Tool-call JSON that actually parses on the first try
Plot twist — Cohere doubled down on local-first RAG with Command R+ V2 and it paid off. If you've been living under a rock since the original Command R+, this is the model that finally gets tool-calling right out of the box.
The Setup
Weights are on HuggingFace under a research-only license.
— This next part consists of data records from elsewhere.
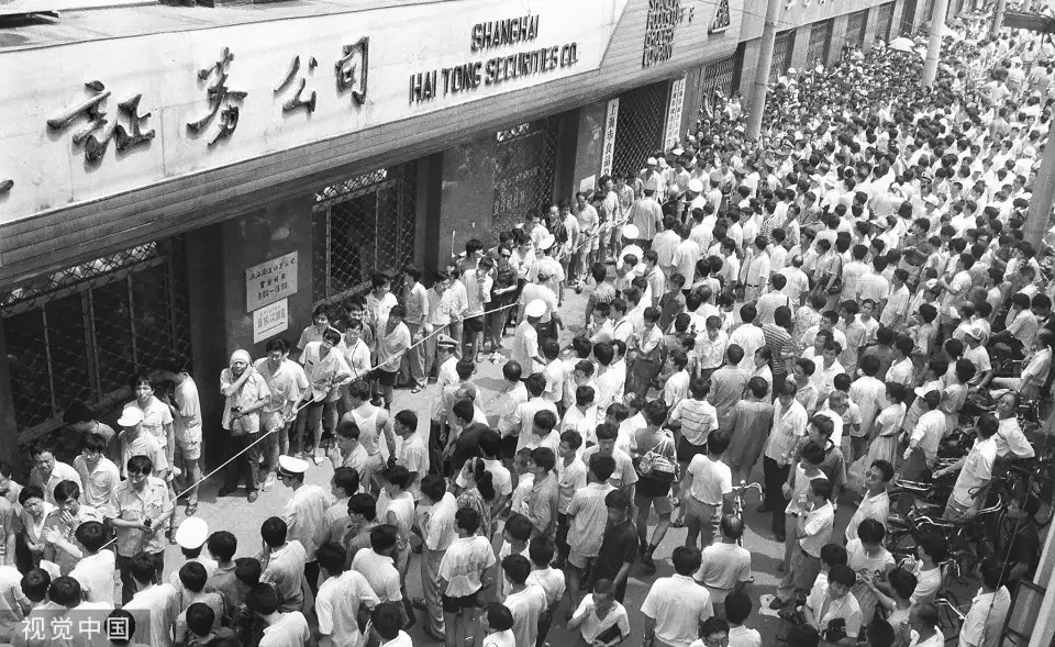 1992年6月8日,上海市中心一家证券公司前,人气旺盛的股民。当时,由于取消部分个股涨跌价格限制不久,股市十分红火。
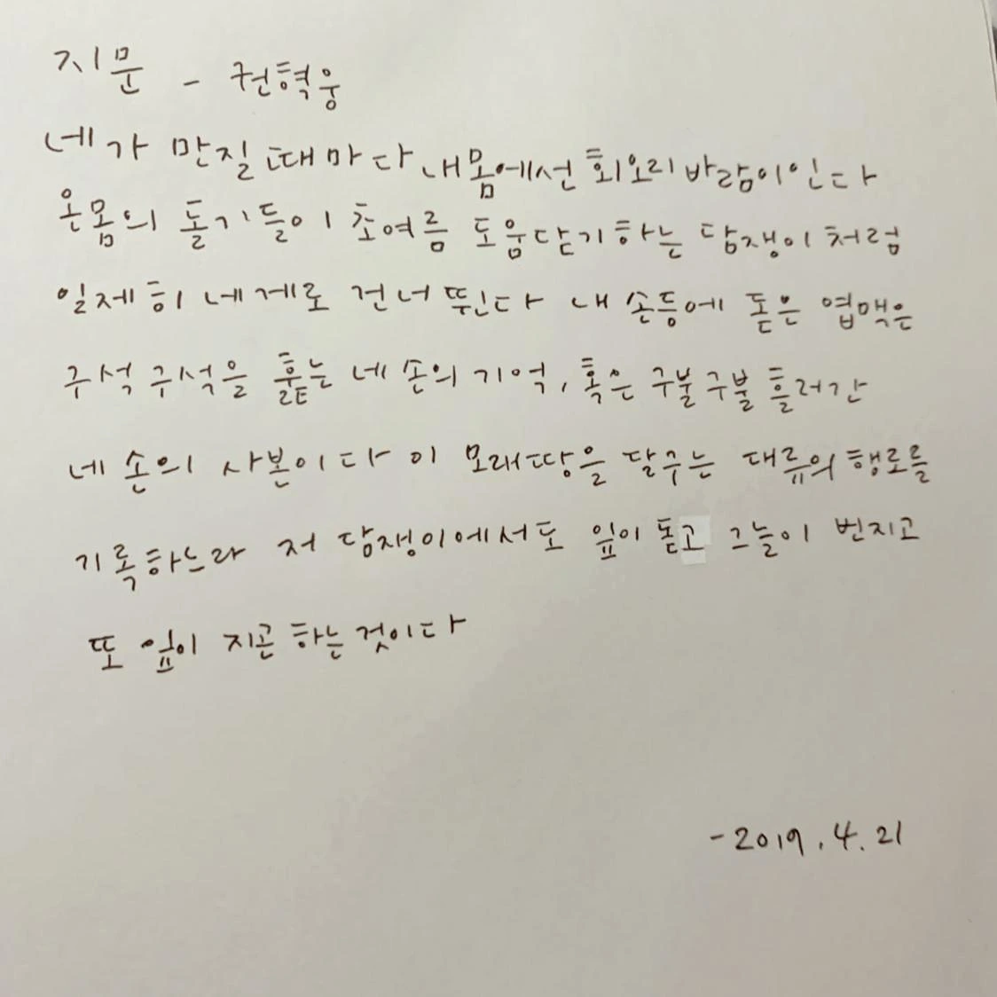 얼른 올려야지 하니까 글씨가 중간에 바뀌어도 바로잡을 생각도 못 하고 쓴다. 글씨의 처음과 끝이 같아야 하는데 그게 이렇게 힘들다. 아직 갈 길이 멀다.
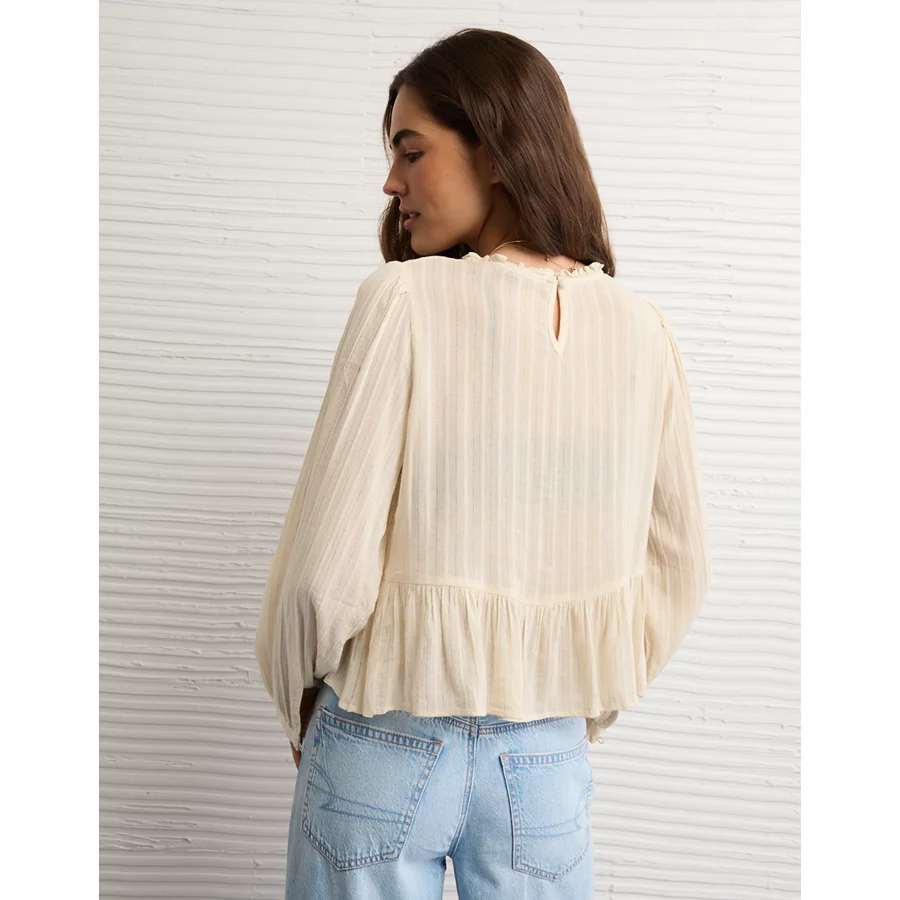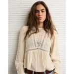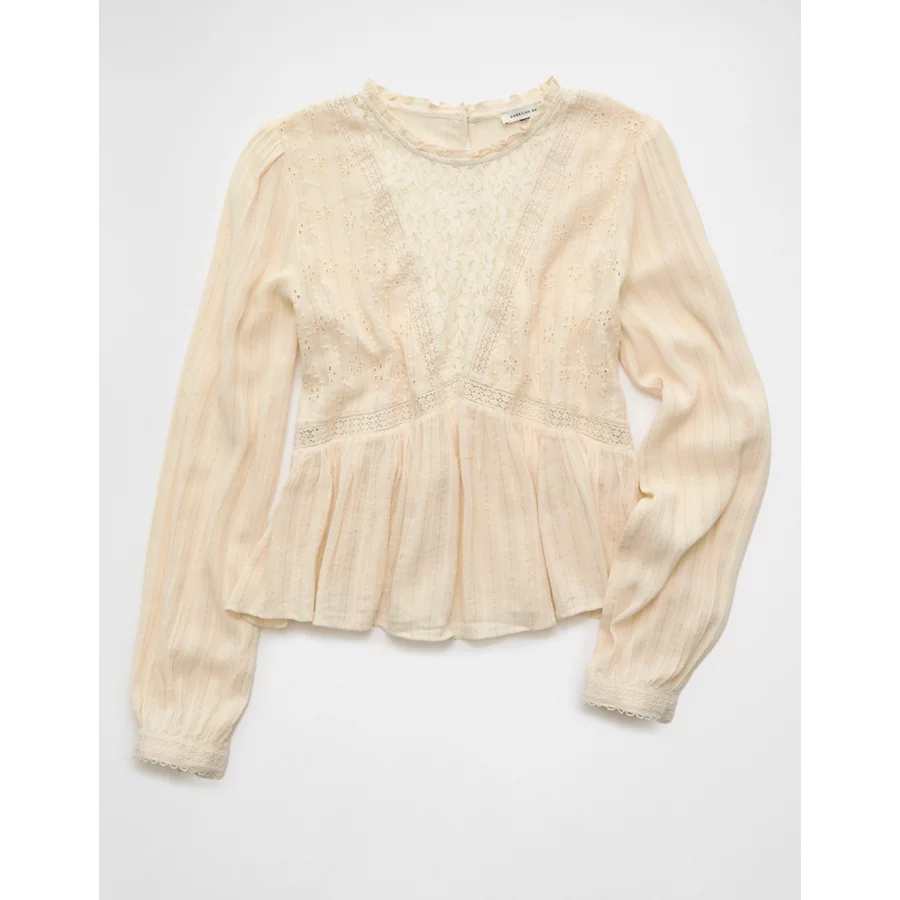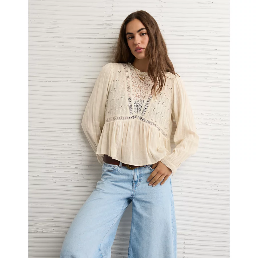 AE High Neck Lace Blouse – Cream
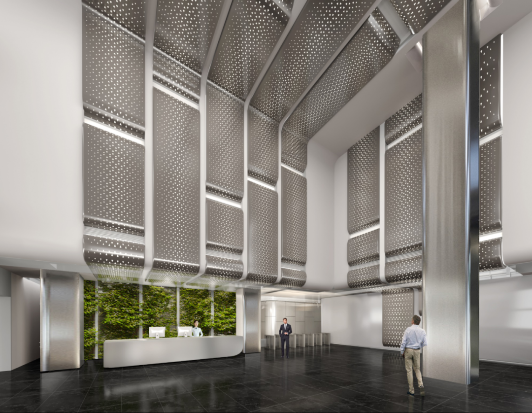 项目地面采用暗色系大理石石材,为大堂空间营造大气庄重的底色,墙面运用独具“呼吸感”的穿孔金属饰面,并将视觉向上引导,提升空间的广阔感,顶部配合极具艺术性的吊顶装饰,呈现出大剧院式恢弘的出入“仪式感”,为企业塑造非凡的形象封面。
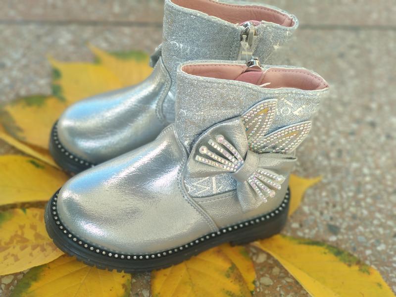 🍂ДЕМІСЕЗОННІ ЧЕРЕВИКИ🍁 Дуже зручні та красиві🤍, виблискують на сонечку☀️. Збоку застібка. Прикрашені бантиком🎀 та стразами. Колір сріблястий. Розміри в наявності: 22, 23, 24, 25, 26, 27. 🚐 Відправка в день оплати Укрпоштою та Новою поштою. 💳 Наложений платіж по передоплаті 150 грн. Також можете оформляти Безпечну оплату.
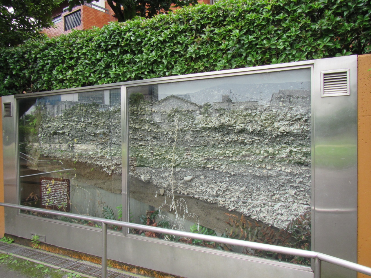 貝塚の地層の薄層断面の屋外展示
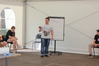 Дмитрий Глуханич, координатор направления «Наши Победы», подробно рассказал про квесты и РИСКи, а также поделился технологией создания квеста. Позже все ребята попробовали создать свою игру по станциям.
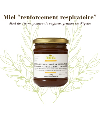 Le miel respiratoire d’Oliverda combine thym, réglisse, nigelle pour apaiser la gorge, dégager les voies respiratoires et renforcer l’immunité. Un allié naturel pour l’hiver et les périodes ORL sensibles.
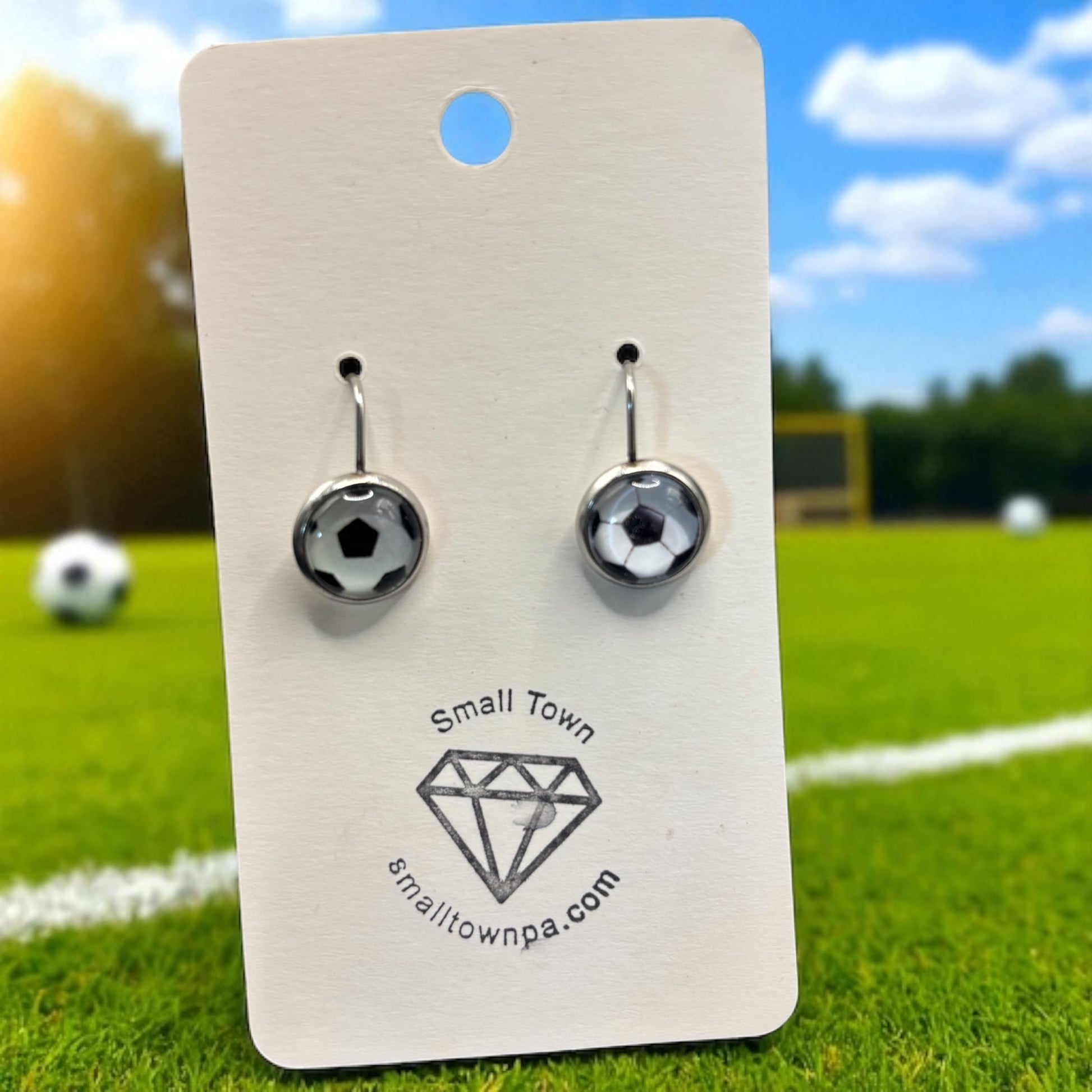 Kick up your style! These soccer ball dangle earrings are perfect for players, fans, and soccer moms alike! Lightweight, fun, and full of team spirit - great for game day or everyday wear.
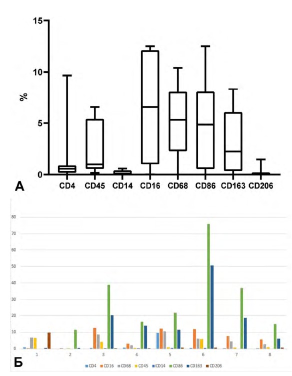 Figure 4. UPS microenvironment. A — relative number of CD4 — helper T-lymphocytes, CD45 — leukocytes, CD14 — monocytes, CD16 — monocytes, CD68 — macrophages, CD86 — M1 macrophages, CD163 — M2 macrophages, CD206 — M2 macrophages. Б — relative number of lymphocytes and monocytes in 8 patients
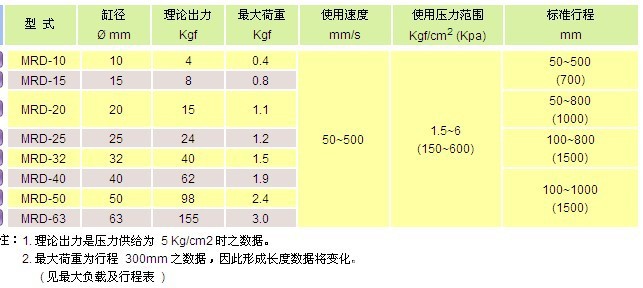 四、台湾气立可(CHELIC)无杆缸MRD系列产品详细参数:
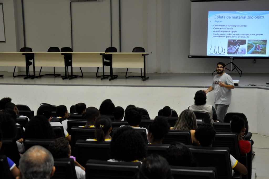 Na quarta-feira, dia 17, a exposição recebeu a visita de alunos do 7º ano do Colégio Municipal Jorge Guerra. A vice-diretora Crislane Vieira e a professora Osdi Ribeiro acompanharam as turmas. “É sempre importante essa parceria firmada entre a instituição de ensino superior com a educação básica, principalmente na nossa cidade, uma vez que os alunos não têm muitas oportunidades de contato com exposições, museus, zoológicos”, diz a professora. “Quando a universidade proporciona esses momentos de irmos a campo, a construção do conhecimento se efetiva de forma mais interessante para os alunos”, afirma.
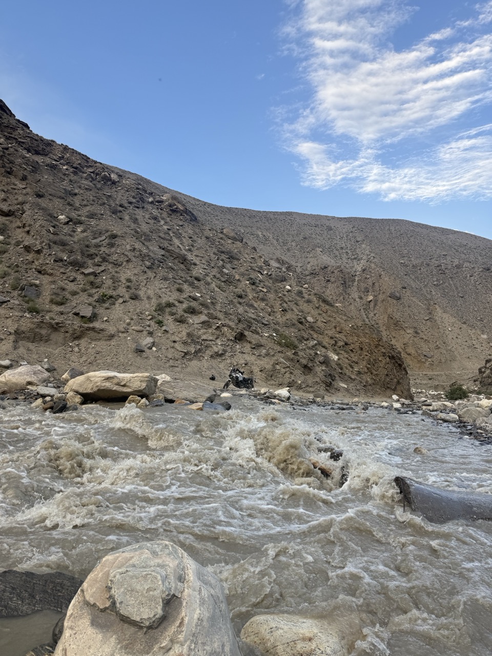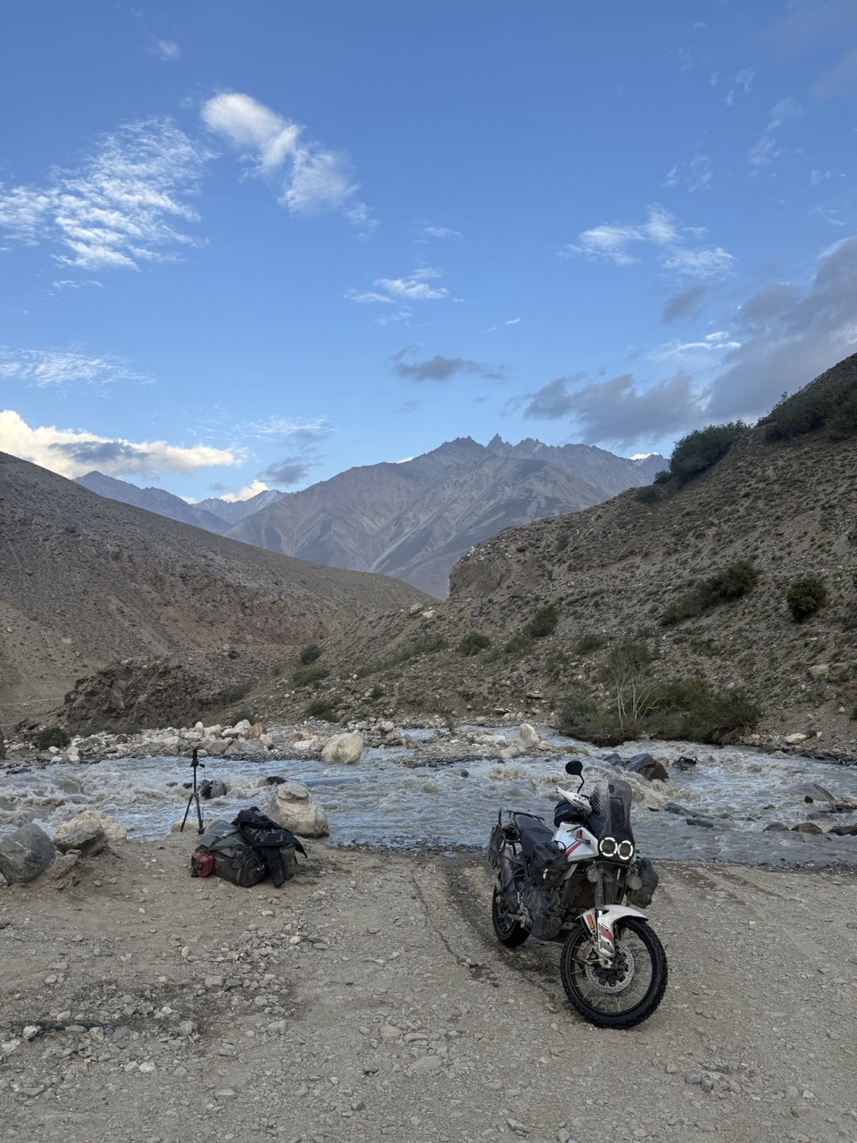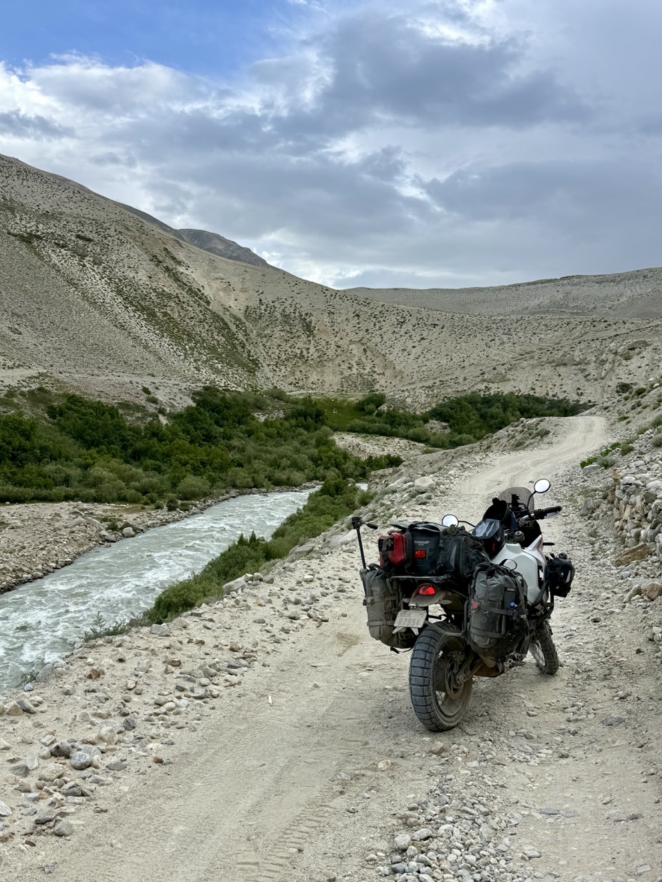 Eventually i passed by a few people who had set up camp by the river at a rare patch of grass. I stopped and they walked over to say hello. They were two Aussies, who could have been father and son, riding DRZ650s from Italy to Nepal. They had come from the other way and had crossed the river a few hours earlier. “Yeah nah, you’ll be right mate, piece of piss” when I asked about it. Quite a contrast from the Russian who looked like he had seen a ghost! I decided that the water flow had probably been different now vs in the morning when the Russian had crossed, and that it was worthwhile checking out and having a crack.

The tokenizer ships a proper tool-call chat template, the context window is 128k for real (not the marketing kind), and the JSON output rate is legitimately above 95% in my testing on the M4.
huggingface-cli download CohereLabs/c4ai-command-r-plus-v2 \
--local-dir ./models/command-r-plus-v2
# Needs roughly 2x A100 or 1x H100 to serve unquantized
# Q4_K_M GGUF fits in 64GB unified memory on an M4 MaxThe Money Pattern
Behold — tool calls that don't need three layers of regex to parse. I wired it into a Pipedrive lookup function for a Rebuild Relief internal tool and it returned valid JSON on every single call across 500 test runs. The `tools` parameter in the chat template is the killer feature.
from transformers import AutoModelForCausalLM, AutoTokenizer
tok = AutoTokenizer.from_pretrained("CohereLabs/c4ai-command-r-plus-v2")
model = AutoModelForCausalLM.from_pretrained(
"CohereLabs/c4ai-command-r-plus-v2",
torch_dtype="auto",
device_map="auto",
)
tools = [{
"name": "lookup_deal",
"description": "Fetch a Pipedrive deal by id",
"parameter_definitions": {
"deal_id": {"type": "int", "required": True},
},
}]
msgs = [{"role": "user", "content": "What's the status of deal 8421?"}]
ids = tok.apply_chat_template(
msgs, tools=tools, return_tensors="pt"
).to(model.device)
print(tok.decode(model.generate(ids, max_new_tokens=256)[0]))The Catch
Spoiler — the weights are non-commercial. Research and personal use only. If you want Command R+ V2 in production you're calling the Cohere API and paying for it. The model is also chunky (104B params) so even the GGUF quants are not laptop-friendly unless you've got an M4 Max with 64GB+ unified memory.
The Verdict
For local RAG experiments and tool-calling research, Command R+ V2 is the new default. If you need to ship to production, use the API. Cohere bet on local-first being a feature, not a footnote, and for retrieval-heavy workflows it's the most aligned model I've used this year.